Whether Industry 5.0 will be about human-robot co-working or not, human-robot co-working
will still be a big change for organizations. In fact, robots in our lives will likely to be a
significant change for mankind. We are trying to build a technology that resembles humans in
many aspects. Some will find this innovative and exciting. Some will find it outrageous,
frustrating, even a threat to mankind. This negative attitude toward robots is boosted by the
media. Our survey studies regarding robots in society will be biased by this negative attitude.

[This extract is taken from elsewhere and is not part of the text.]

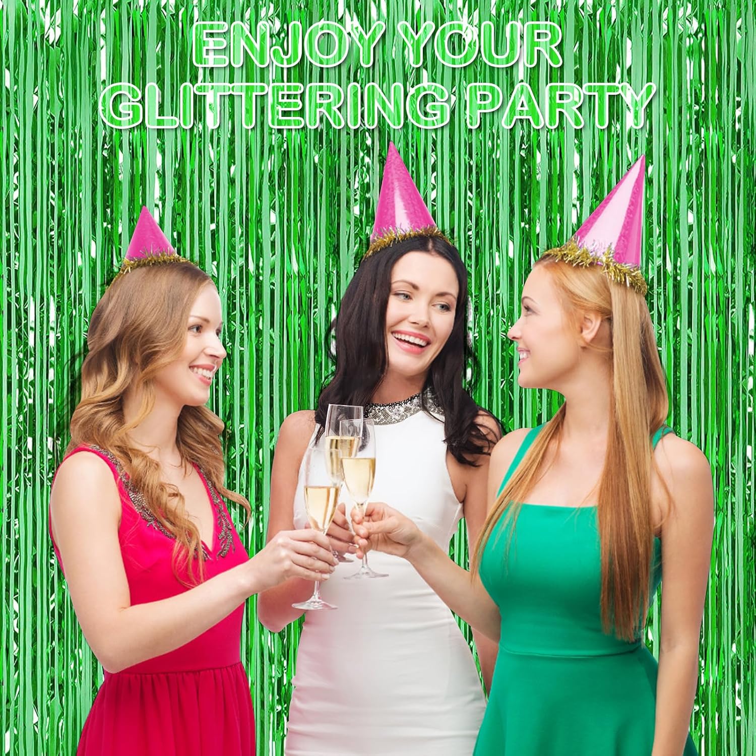 • 【Ideal Party Decoration】Show off your creativity and make your party stand out by using these green foil fringe curtains to decorate your party. You can hang them on a door or wall as a surprise entrance to the party, or pair them with LED lights, balloons, and banners to create a shiny party backdrop for different themes and occasions.

One of the first scales developed for measuring attitude toward robots has a negative
perspective. Until humans actually live and work with robots, we cannot be sure how humans
will react to robots. The attitude toward robots will likely to evolve as humans experience
with robots. Today’s children may react differently from how our generation reacts. Since they
will grow with this or similar technologies. Their children will be in a society with robots. We
should be aware of this generation differences and start building a robotic society in which
humans benefit from this technology to its maximum extent and try to minimize the
consequences. In this study, we discussed the possible issues that may arise from human-
robot coworking. Legal, regulatory, psychological, social, ethical issues are among the main
issues. While changing the role of human resources and information technology departments,
different personal preferences toward working with robots, types of robots preferred to work
with, learning to work with robots, competing or cooperating with robots, and possible
negative attitudes are also among the important issues. All the issues discussed are subjects
for further discussion, investigation, experimentation, in short for a wide range of research.
We need to collect data as they are available for collection. At this point, we can only survey
the expectancy and vision. Even the experimentation we conduct may not be definitive until
human-robot co-working environments actually exist.